Barger Asked EMS Not the HOA For the Certificate
{¶ 20} The majority states that Barger "had no choice but to pay" EMS because "she had to pay the fee or could not sell her house." However, this is not reflected in the record, and Barger's complaint does not allege that certification letters were not available from the HOA. Barger, as an owner of a lot in Fairfield Ridge Subdivision, was a member of the HOA pursuant to the declarations. Barger alleges in her complaint that she needed a certification letter to close on the sale of her property and that she requested it from EMS. Barger's complaint does not state why she asked EMS and not the HOA for the letter. Barger's complaint also does not allege that she did not know EMS's fee when she asked for the certification letter. The declarations, the bylaws, and the Ohio Revised Code only bind the HOA or its board to provide certification letters to HOA members and to charge a reasonable fee for the letters.

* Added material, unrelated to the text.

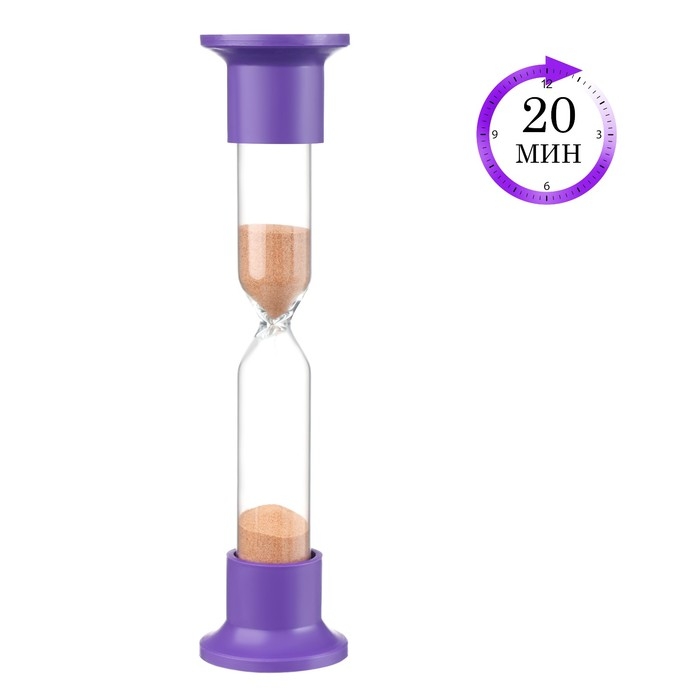 Часы абсолютно безопасны в использовании, так как выполнены из высококачественного пластика. Часы обладают компактными размерами. На каждую колбу нанесена несмываемая маркировка времени. А за мелкозернистым кварцевым песком можно наблюдать бесконечно. Высота песочных часов 20 см, диаметр 4.4 см.
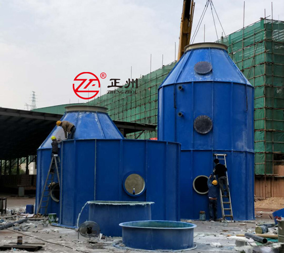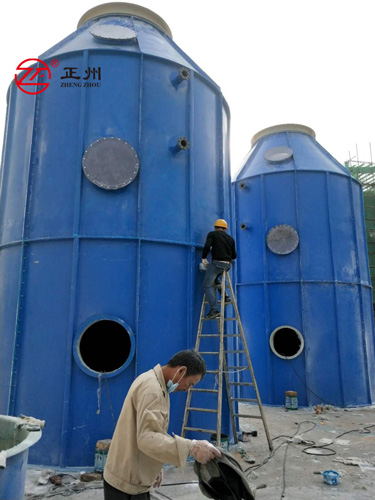 除塵脫硫塔一般(bān)用於鍋(guō)爐尾氣的處理,可很好的處理含塵含硫的廢氣。因處理的(de)風量一般較(jiào)大,對脫(tuō)硫塔(tǎ)的強度有要(yào)求,故其材質一般(bān)采用玻璃鋼製成。91九色蝌蚪環保製作的玻璃(lí)鋼脫硫塔具有製作(zuò)精細,設計(jì)合理,排氣煙霧小的特點。

Barger Failed to Establish that the Authority to Provide Certification Letters was Delegated to EMS
{¶ 21} Barger's complaint alleges that under the management contract between the HOA and EMS, EMS "agreed to assume the Board's obligations under the recorded Declaration and to be bound by the terms of the recorded Declaration." However, Barger did not plead any facts to support that the HOA delegated the task of providing certification letters to EMS. Rather, Barger's complaint recites the clauses of the contract outlining the services EMS would perform for a flat fee and services that would be billed at an hourly rate implying certification letters are somehow included. Neither of these sections, however, mention certification letters. While the rest of the management contract specifies which of the HOA's and the board's obligations were delegated to EMS, it does not enumerate the obligation to provide certification letters to EMS. The contract does not address certification letters at all.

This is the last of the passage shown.